When to Use Concurrency — Professional Level¶

Table of Contents¶

Introduction
Quantitative Models for Concurrency
Latency Tail Mathematics
Capacity Planning
Profiling-Driven Concurrency Decisions
Queue Theory in Service Design
Worked Example: a Real Service
Limits of Theoretical Modelling
Summary

Introduction¶

This file applies quantitative reasoning to concurrency decisions. We will use Amdahl's law, queueing theory (Little's law, M/M/1, M/M/c), and tail-latency calculus to predict the effects of adding or removing concurrency. We will also walk through a real-shaped example.

These models are simplifications. Real systems are messier. But the models illuminate trade-offs the intuition misses.

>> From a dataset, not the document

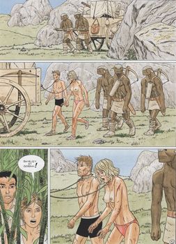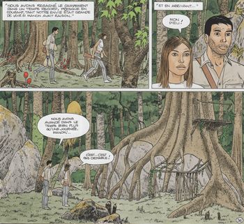 remarques: | la suite des naufragés-survivants après deux jours de marche, le deuxième groupe de survivants quitte la jungle et s'engage dans une sauvage savane qui doit les conduire à une zone habitée >> p. 5 un arrêt pipi compliqué on retrouve les affaires du premier groupe dispersés et un cadavre qui ne sera pas enterré >> p. 11 laissons faire la nature dixit Manon, cheffe du groupe (exprimant à nouveau les sentiments quelque peu anti-religieux de Leo) rencontre avec une troupe de guerriers sauvages qui ont capturé deux membres du premier groupe: Shirley et Goran >> p. 15 Manon d'un air décidé abat les 5 guerriers avec son revolver mais Goran reste sur le carreau par contre un gentil extra-terrestre de race supérieure emprisonné, est délivré, il s'appelle Antac, il est venu d'un autre monde et comme les terriens s'est aussi échoué sur la planète avec ses compagnons dont il a été séparé >> p. 22/23 l'histoire de Manon, une nana canon (+ petit exposé sur l'utilité des entraînements) puis l'équipe continue sa progression mais s'étant écarté du groupe, Manon et Alex constatent qu'ils sont sujets d'étranges phénomènes atmosphériques dont des distorsions dans le temps, ils pensent alors que les naufrages intervenus sur cette planète sont l'oeuvre d'anomalies quantiques d'où l'explication sur les différents degrés de civilisation rencontrés, tous ces différentes races étant des naufragés involontaires de différentes planètes Manon et Alex subissent maintenant des perturbations temporelles (des sauts dans le temps) de différentes intensités selon l'endroit où ils se trouvent, il sont séparés de leur groupe dans le temps et ne rejoindront deux de leurs compagnons au même endroit que 6 ans plus tard alors que la distorsion du temps n'a duré que quelques secondes! le quatuor pénètre ensuite dans une agglomération peuplée de nombreuses races où ils retrouvent trois autres compagnons (les explications à ce propos seront données dans le prochain album) >> la suite de l'histoire des naufragés de l'espace laissés à eux-mêmes sur une planète inconnue et confrontés également à des perturbations temporelles d'où différence fondamentale avec les trois premiers cycles qui s'occupaient principalement du thème de la colonisation Leo s'attaque maintenant aux phénomènes inter-temporel ou voyage dans le temps mais Leo n'y est pas encore bien à l'aise et ses changements temporelles ne sont pas très convaincants car ils manquent de cohérence la trame du récit ne change pas beaucoup avec un texte peut'être un peu plus élaboré, mais toujours populiste s'occupant beaucoup des relations inter-humaines et inter-sexuelles, idem pour le graphisme |

Quantitative Models for Concurrency¶

Amdahl: speedup vs cores¶

S(n) = 1 / ((1-p) + p/n)

Where p is the parallel fraction, n is cores.

Plotting S(n) for various p:

p	n=2	n=4	n=8	n=16	n=∞
1.0	2.0	4.0	8.0	16.0	∞
0.95	1.90	3.48	5.93	9.14	20.0
0.9	1.82	3.08	4.71	6.40	10.0
0.7	1.54	2.11	2.58	2.91	3.33
0.5	1.33	1.60	1.78	1.88	2.0

Lesson: if your code has 30% serial fraction, adding cores past 8 gives diminishing returns.

Gustafson: speedup for growing problems¶

S(n) = n - (1-p)(n-1)

For p = 0.95, n = 16: 16 - 0.05 × 15 = 15.25. Linear scaling.

Gustafson applies when problem size grows with hardware. Most production services serve fixed-shape requests; Amdahl is more relevant.

Little's law¶

L = λ × W

L = average number of items in the system.
λ = arrival rate (items/time).
W = average time in the system (latency).

For a service: - L = concurrent in-flight requests. - λ = requests per second. - W = average latency.

Example: 1000 req/sec, 100 ms average latency → L = 100 in-flight requests. To handle these you need ~100 concurrency.

Use Little's law to size pools, channel buffers, connection pools. It is one of the most useful tools in capacity planning.

Utilization¶

For a single-server queue:

ρ = λ × s

Where s is the average service time. If ρ < 1, the system is stable; if ρ ≥ 1, queues grow unboundedly.

At ρ → 1, average queue length → ∞ in theory. In practice, ρ > 0.7 starts to show significant queueing latency.

This is why utilisation alarms fire at 70–80%, not 100%.

Latency Tail Mathematics¶

Fan-out tail amplification¶

If you call N backends in parallel and wait for all, and each backend has independent slowness probability p:

P(at least one slow) = 1 - (1 - p)^N

For per-backend p99 = 1% (i.e., 1% of requests are "slow"), N = 10:

P(any slow) = 1 - 0.99^10 ≈ 9.6%

Your p99 = where the per-backend p90.4 is. P95 of aggregate ≈ where per-backend p99.4 is — much worse.

If p99 of each backend is 100 ms, your fan-out's p99 may be 200 ms or more.

Hedged requests¶

Send the request to backend A; after delay, send a duplicate to backend B.

The probability that A is slow at the hedge cutoff = some function of A's latency distribution. Suppose 99% of A's responses come in within delay. Then 1% of requests fire a duplicate.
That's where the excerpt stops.